## WHAT NEEDS TO BE DONE
Among the entries that follow, the required portion opens with the line containing "According to the" and closes with the line containing "Перчик, который я, однозначно, рекомендую!". Give that portion again exactly, and nothing else.

## INPUT
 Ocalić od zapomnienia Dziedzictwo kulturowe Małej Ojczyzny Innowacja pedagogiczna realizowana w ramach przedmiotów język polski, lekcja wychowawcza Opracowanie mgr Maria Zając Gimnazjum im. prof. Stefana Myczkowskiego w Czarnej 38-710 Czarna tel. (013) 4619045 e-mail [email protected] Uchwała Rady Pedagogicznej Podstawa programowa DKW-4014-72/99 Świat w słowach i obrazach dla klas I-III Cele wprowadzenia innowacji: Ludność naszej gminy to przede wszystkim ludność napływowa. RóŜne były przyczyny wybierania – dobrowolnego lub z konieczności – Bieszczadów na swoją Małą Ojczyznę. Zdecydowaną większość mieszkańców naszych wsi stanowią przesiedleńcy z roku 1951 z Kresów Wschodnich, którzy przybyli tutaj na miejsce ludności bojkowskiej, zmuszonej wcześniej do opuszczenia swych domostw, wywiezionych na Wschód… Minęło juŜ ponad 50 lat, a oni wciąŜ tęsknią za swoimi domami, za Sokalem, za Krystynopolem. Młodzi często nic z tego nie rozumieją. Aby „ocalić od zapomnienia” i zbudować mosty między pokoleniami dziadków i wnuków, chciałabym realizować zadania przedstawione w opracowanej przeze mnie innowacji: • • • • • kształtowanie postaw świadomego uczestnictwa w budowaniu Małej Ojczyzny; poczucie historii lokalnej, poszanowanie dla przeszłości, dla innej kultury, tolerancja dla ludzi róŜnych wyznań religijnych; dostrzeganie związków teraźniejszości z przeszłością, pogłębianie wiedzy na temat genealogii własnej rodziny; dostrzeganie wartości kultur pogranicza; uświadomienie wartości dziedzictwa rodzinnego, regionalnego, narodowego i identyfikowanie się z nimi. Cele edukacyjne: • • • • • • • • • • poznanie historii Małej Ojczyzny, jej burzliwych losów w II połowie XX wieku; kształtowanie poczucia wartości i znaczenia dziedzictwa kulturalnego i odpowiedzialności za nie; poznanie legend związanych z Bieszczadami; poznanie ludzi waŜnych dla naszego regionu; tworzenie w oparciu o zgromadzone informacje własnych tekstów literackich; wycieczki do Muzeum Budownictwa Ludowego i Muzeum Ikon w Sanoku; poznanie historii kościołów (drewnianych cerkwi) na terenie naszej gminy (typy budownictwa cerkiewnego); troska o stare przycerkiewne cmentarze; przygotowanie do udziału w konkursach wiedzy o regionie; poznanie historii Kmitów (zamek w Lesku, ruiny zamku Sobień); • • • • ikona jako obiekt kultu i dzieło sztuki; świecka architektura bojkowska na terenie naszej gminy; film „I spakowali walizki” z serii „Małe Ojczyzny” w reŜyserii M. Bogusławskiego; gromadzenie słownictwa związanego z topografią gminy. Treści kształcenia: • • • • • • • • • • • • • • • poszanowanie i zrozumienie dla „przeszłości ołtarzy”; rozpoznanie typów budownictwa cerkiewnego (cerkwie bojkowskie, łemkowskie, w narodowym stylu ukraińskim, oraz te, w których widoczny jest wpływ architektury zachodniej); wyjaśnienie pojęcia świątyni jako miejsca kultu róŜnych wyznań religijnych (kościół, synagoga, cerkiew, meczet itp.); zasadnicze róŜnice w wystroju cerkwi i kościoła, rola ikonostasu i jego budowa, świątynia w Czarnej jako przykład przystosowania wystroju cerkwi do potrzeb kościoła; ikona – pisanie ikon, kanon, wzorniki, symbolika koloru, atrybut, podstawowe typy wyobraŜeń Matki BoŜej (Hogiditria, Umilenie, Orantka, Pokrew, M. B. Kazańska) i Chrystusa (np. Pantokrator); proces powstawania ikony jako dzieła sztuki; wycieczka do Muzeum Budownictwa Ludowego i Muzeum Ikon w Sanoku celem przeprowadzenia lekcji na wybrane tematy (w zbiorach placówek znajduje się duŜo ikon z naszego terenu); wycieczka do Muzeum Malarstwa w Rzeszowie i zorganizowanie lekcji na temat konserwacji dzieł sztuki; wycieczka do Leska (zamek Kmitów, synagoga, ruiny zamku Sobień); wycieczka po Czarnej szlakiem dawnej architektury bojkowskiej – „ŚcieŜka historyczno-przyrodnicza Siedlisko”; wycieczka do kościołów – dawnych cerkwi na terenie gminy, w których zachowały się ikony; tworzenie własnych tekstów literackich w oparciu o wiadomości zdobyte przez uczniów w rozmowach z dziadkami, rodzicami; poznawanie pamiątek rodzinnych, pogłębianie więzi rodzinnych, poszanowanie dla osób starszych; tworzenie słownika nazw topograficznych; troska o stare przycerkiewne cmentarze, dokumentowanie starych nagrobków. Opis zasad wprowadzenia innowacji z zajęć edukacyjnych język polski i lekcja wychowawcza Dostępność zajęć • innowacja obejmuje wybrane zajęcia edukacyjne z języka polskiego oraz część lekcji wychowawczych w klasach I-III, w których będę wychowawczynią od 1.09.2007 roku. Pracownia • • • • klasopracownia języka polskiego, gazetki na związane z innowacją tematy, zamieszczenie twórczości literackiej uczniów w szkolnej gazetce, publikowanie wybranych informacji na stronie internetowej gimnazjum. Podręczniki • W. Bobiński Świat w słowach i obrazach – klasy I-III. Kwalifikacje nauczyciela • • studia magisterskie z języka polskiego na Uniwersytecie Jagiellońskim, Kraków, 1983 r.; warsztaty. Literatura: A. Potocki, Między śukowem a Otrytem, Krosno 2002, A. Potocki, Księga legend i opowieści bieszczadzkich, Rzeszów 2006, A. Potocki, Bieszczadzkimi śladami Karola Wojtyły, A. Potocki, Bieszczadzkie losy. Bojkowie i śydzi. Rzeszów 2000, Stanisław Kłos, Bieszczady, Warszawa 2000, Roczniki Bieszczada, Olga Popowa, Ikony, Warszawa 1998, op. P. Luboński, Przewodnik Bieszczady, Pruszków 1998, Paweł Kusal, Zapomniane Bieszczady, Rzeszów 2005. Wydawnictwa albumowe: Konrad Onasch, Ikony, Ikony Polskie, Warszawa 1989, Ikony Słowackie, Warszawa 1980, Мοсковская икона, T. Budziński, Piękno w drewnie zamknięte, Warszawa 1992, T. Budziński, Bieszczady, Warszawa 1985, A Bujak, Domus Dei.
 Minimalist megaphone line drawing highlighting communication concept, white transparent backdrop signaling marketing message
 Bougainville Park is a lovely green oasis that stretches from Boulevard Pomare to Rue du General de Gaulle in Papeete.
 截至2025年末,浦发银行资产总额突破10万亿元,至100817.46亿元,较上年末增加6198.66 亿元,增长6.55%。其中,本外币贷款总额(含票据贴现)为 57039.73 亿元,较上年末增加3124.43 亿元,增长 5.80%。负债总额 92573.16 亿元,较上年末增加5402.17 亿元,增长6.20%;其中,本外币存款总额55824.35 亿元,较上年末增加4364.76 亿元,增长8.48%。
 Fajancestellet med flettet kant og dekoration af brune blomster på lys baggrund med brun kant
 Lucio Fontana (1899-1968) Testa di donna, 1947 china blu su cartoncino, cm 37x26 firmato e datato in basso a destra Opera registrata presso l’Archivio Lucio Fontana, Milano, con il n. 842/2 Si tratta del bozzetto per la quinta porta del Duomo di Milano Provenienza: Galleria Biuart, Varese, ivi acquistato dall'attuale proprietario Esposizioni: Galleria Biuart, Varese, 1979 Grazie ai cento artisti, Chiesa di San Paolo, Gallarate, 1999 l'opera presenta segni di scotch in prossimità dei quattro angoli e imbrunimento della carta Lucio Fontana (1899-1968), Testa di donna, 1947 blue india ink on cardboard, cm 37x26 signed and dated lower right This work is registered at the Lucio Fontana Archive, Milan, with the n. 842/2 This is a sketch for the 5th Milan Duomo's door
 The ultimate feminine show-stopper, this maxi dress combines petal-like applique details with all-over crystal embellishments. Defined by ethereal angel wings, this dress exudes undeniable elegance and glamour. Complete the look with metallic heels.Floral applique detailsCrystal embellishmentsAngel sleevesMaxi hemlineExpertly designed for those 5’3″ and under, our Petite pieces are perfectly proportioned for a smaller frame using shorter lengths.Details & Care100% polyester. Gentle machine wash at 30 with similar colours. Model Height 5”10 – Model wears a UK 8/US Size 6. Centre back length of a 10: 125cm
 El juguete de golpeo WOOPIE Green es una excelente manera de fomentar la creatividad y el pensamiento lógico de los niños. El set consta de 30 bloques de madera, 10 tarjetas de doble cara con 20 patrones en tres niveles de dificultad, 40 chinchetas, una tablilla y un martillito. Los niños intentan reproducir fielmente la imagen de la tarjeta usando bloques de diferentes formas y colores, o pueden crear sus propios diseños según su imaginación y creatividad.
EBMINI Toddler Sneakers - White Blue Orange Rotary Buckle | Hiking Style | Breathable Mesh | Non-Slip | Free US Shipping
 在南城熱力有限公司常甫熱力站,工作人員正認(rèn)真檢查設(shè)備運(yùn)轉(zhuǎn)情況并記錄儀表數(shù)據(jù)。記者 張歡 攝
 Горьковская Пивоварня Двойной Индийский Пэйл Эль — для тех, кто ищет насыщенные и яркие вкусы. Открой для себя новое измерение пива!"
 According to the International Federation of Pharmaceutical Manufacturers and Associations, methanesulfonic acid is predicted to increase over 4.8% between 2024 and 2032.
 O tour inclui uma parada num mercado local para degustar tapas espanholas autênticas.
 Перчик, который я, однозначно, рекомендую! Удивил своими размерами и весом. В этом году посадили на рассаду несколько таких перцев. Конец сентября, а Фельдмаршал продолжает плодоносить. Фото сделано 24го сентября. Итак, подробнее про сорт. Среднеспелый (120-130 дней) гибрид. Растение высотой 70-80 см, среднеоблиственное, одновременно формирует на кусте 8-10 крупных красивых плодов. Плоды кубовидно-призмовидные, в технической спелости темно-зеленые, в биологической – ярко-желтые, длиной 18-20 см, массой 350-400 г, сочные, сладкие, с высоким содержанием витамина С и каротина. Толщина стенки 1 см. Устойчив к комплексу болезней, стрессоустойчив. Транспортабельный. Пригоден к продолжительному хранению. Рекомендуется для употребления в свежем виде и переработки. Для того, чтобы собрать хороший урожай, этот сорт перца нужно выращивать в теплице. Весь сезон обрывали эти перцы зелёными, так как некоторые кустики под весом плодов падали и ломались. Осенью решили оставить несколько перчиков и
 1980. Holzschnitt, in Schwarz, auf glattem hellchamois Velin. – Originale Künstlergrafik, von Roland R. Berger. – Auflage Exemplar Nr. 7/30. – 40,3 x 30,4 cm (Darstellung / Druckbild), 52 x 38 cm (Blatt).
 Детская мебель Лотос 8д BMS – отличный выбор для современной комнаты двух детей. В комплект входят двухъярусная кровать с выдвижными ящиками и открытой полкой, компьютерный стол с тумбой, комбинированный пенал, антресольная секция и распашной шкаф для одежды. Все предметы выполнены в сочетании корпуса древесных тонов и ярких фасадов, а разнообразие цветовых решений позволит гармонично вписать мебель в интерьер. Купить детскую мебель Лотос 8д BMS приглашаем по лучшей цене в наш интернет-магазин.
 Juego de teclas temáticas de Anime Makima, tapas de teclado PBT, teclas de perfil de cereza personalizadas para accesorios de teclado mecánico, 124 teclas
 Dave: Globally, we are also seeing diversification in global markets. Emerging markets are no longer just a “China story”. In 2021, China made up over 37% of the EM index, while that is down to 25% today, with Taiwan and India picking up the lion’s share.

## PROBLEM SOLUTION
 According to the International Federation of Pharmaceutical Manufacturers and Associations, methanesulfonic acid is predicted to increase over 4.8% between 2024 and 2032.
 O tour inclui uma parada num mercado local para degustar tapas espanholas autênticas.
 Перчик, который я, однозначно, рекомендую! Удивил своими размерами и весом. В этом году посадили на рассаду несколько таких перцев. Конец сентября, а Фельдмаршал продолжает плодоносить. Фото сделано 24го сентября. Итак, подробнее про сорт. Среднеспелый (120-130 дней) гибрид. Растение высотой 70-80 см, среднеоблиственное, одновременно формирует на кусте 8-10 крупных красивых плодов. Плоды кубовидно-призмовидные, в технической спелости темно-зеленые, в биологической – ярко-желтые, длиной 18-20 см, массой 350-400 г, сочные, сладкие, с высоким содержанием витамина С и каротина. Толщина стенки 1 см. Устойчив к комплексу болезней, стрессоустойчив. Транспортабельный. Пригоден к продолжительному хранению. Рекомендуется для употребления в свежем виде и переработки. Для того, чтобы собрать хороший урожай, этот сорт перца нужно выращивать в теплице. Весь сезон обрывали эти перцы зелёными, так как некоторые кустики под весом плодов падали и ломались. Осенью решили оставить несколько перчиков и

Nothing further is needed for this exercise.